Kaboré estime que la production à grande échelle de charbon écologique n'est pas arrivée trop tôt. Les sources sont des déchets biodégradables tels que la paille, le papier, le carton, la cellulose, le bois et les algues, qui subissent tous une pyrolyse ou une thermolyse (décomposition par la chaleur).

Exposés à des températures élevées, ces déchets biodégradables se décomposent et forment des résidus organiques qui sont ensuite moulés, souvent avec de l'eau, avant d'être séchés.
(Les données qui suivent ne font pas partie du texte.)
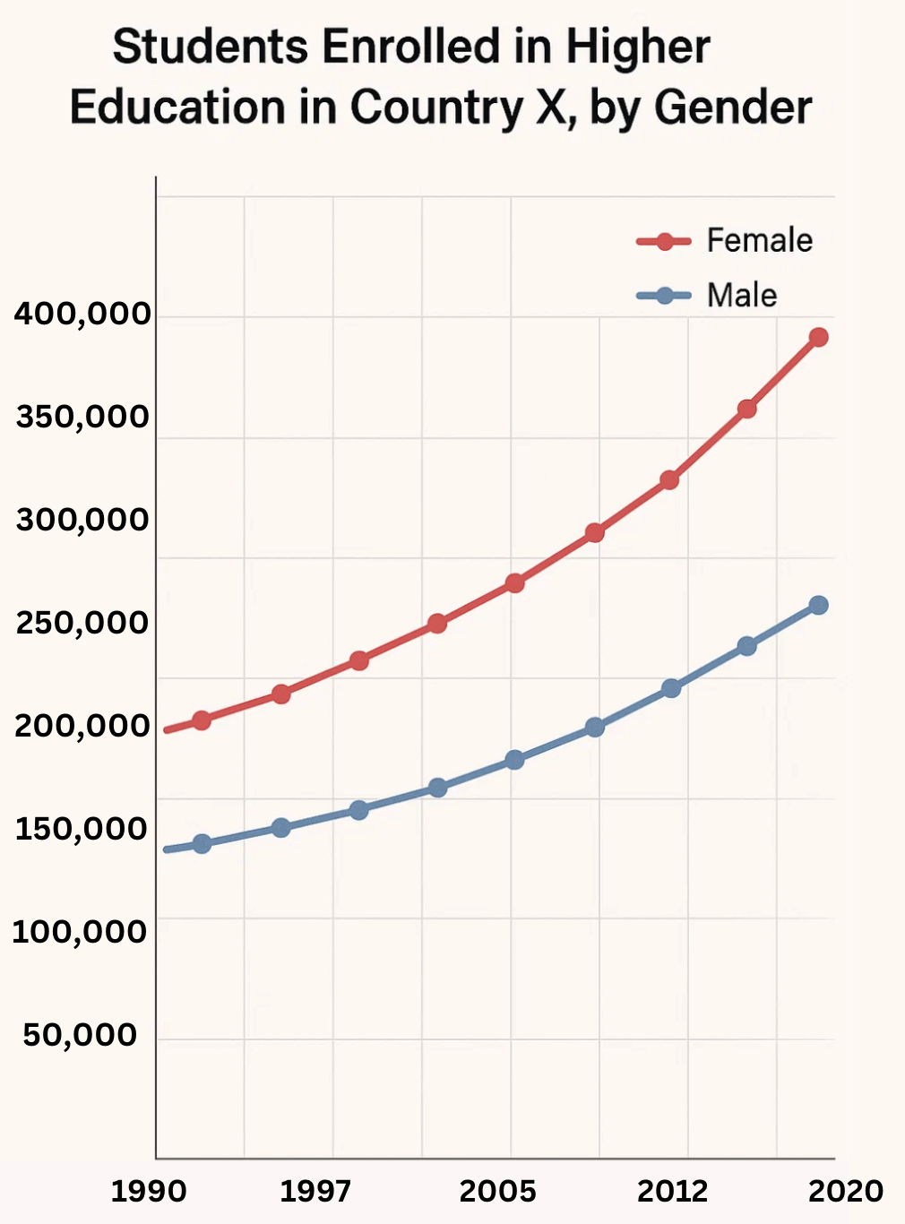Task: The line graph shows the number of students enrolled in higher education in Country X by gender between 1990 and 2020.

Ce processus prend du temps et dépend fortement de la température. Même une fois le moulage terminé, il suffit d'une simple pluie pour que tout redevienne de la cendre. Malgré cela, le charbon écologique est une idée qui a fait son chemin.

Le charbon écologique est meilleur que le charbon conventionnel. Un point c'est tout. C'est un charbon qui ne dégage pas de fumée. Il s'allume plus rapidement que le charbon ordinaire et il est plus économique", affirme M. Kaboré.

La bataille pour l'acceptation

Chaque année, le Burkina Faso organise des journées nationales de reboisement pour s'assurer que le pays dispose d'un couvert végétal décent. Ce sont ces mêmes bois qui sont coupés pour produire du charbon de bois.

Le charbon de bois écologique ne dégage pas de fumée. Photo : TRT Afrika

"Pour que les gens puissent cuisiner, il faut qu'il pleuve pour produire des cultures et des céréales. Donc, si nous coupons les arbres, nous risquons de ne pas avoir de pluie. Nous aurons notre charbon de bois ordinaire, mais nous n'aurons pas de repas à cuisiner", explique Kaboré à TRT Afrika.

Depuis 2019, Kaboré apporte sa pierre à l'édifice grâce à des campagnes de sensibilisation et à la formation qu'il dispense sur les techniques de fabrication du charbon vert. Avec une vision qui va au-delà du Burkina Faso, il a fondé "Nature Afrique" pour conduire le changement.

"C'est un travail d'équipe. Nous menons des formations in situ : dans un champ, sur la route et avec les populations cibles, notamment les ménages ruraux et les agriculteurs", explique M. Kaboré.